Scenes of death had become familiar: I would often do my homework on the back of a photocopy of a drawing my dad had done, a spare piece of paper mindlessly picked off the top of the recycling pile. Its a dead prostitute, I would tell my teacher, as she held up the offending pool of black blood and gore, speechlessly. Its only drawings. Death seemed to be something that happened, and something that happened a lot. But I was being told it was bad, a secret, like Id been caught trespassing. Inappropriate, as my teacher said on the phone to my parents.

It was a Catholic school. Our priest, Father Power a mumbling Irishman who was, to me, impossibly old, yet could occasionally be seen leaping up and down on the contents of the skip in his priestly vestments in order to cram more rubbish inside it before the garbage collectors came would sit us down once a week, at the front of the church, and speak to us plainly. He would pull out a chair and park it somewhere by the altar, using the stained-glass windows above to tell the story of Jesus hauling his cross to the place where he would die on it. One afternoon, Father Power pointed up at a red light to the left of the altar and said that when that light was glowing, God was in the house it was powered by Him. I looked up at it, a red glowing bulb in an ornate brass cage, and asked why if God was powering it was there an extension lead running up the wall and down the chain that suspended it?
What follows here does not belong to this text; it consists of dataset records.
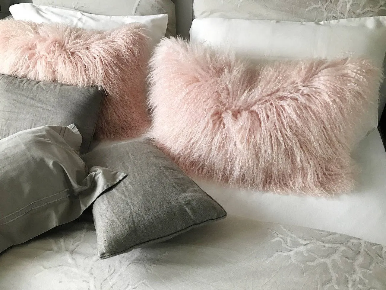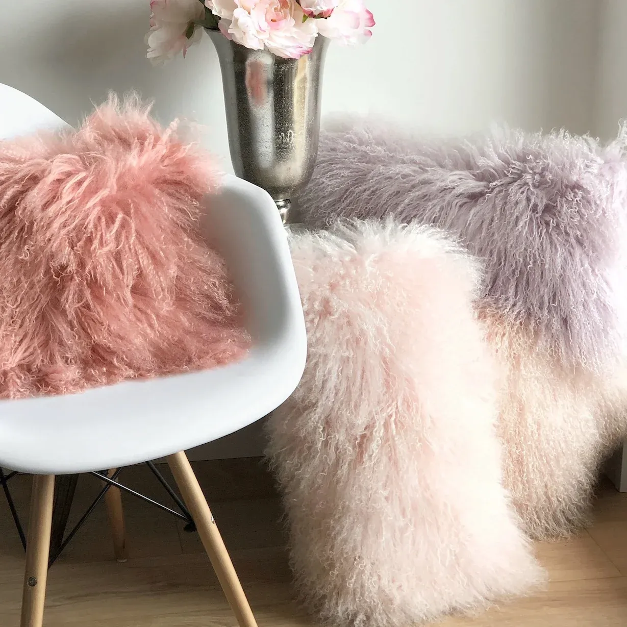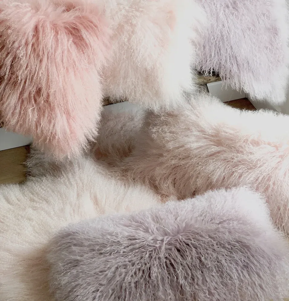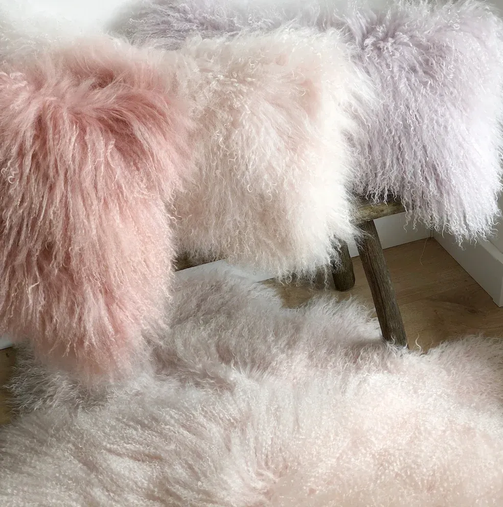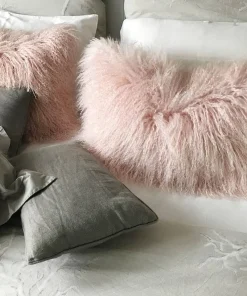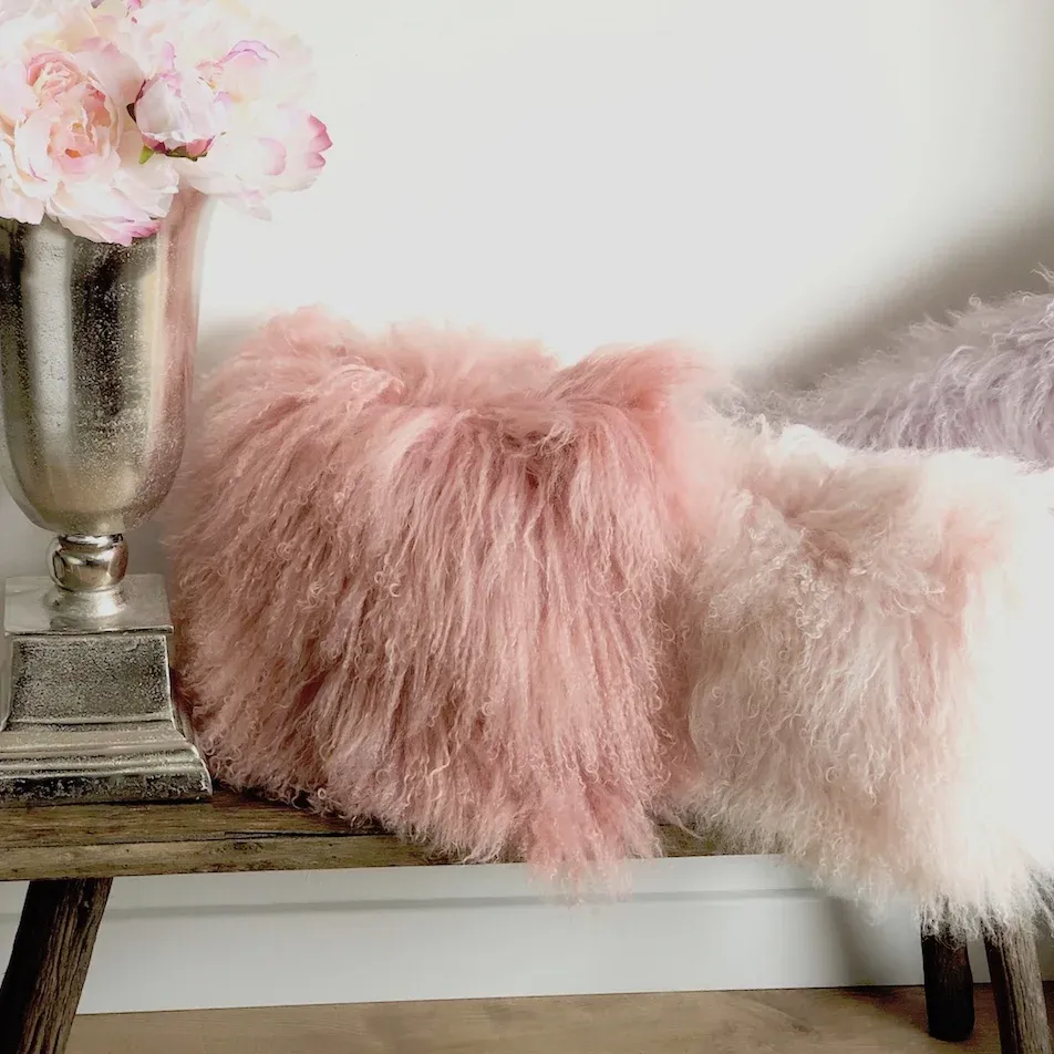 Kissen Tibet Lammfell Puder rosa 28×56 cm extra weich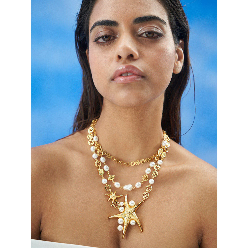 Description : The Ocean s Orchestra necklace feature as a statement design from the Ocean s Muse collection designed in collaboration with Deme. The collection celebrates the mystique of the deep and bold character of the woman that commands the ocean. The golden necklace s design showcases its inspiration of underwater flora and fauna with marine motifs. This layered piece of jewellery is an inspiring orchestration in design. Its sturdied brass body showcases the high sheen gold cloak achieved only through masterful skill. Transition from dinner party chic to after party unstudied style.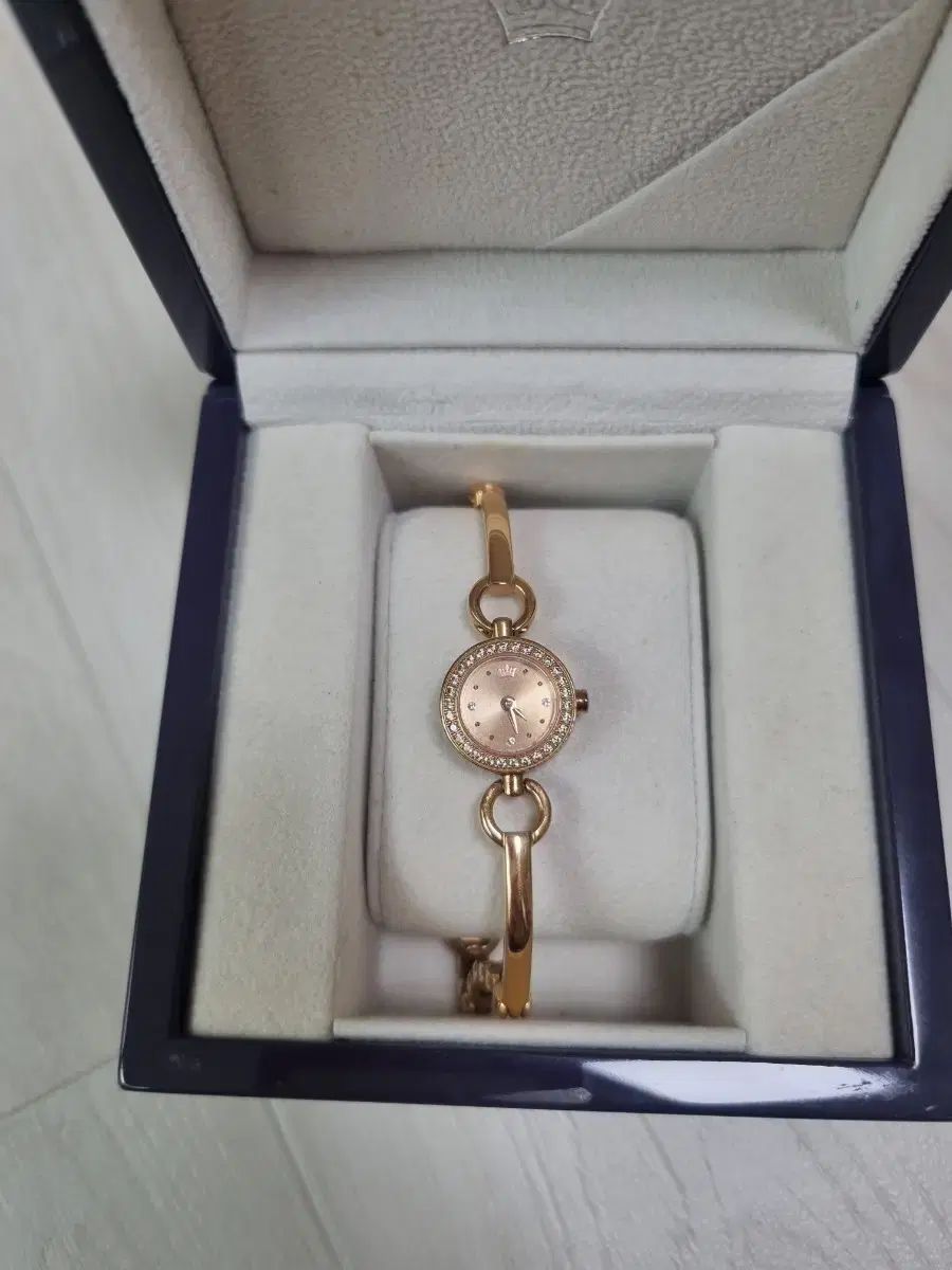これはJSTNAローズゴールドブレスレットウォッチです。ほのかなローズゴールドカラーにキュービックがちりばめられているので高級感があります。付属品完備は新そのまま

There was a beat, a cleared throat, and the priest effectively said, No further questions at this time before moving on to something else, forevermore considering me to be A Problem that required meetings with my parents (one proud, one embarrassed) and me being barred from ever getting involved in the bread and wine part of Mass.

It bothered me that he had tried to spin something magical and ghostly out of something electric, and from then on I regarded organised religion with suspicion. It seemed like a dodge, a panacea, some nice-sounding lies. Heaven felt a bit too easy, like a package holiday if you were good. I still had another dozen years of Catholic school to go, and the red bulb shone a warning light over everything religion offered in the way of an answer.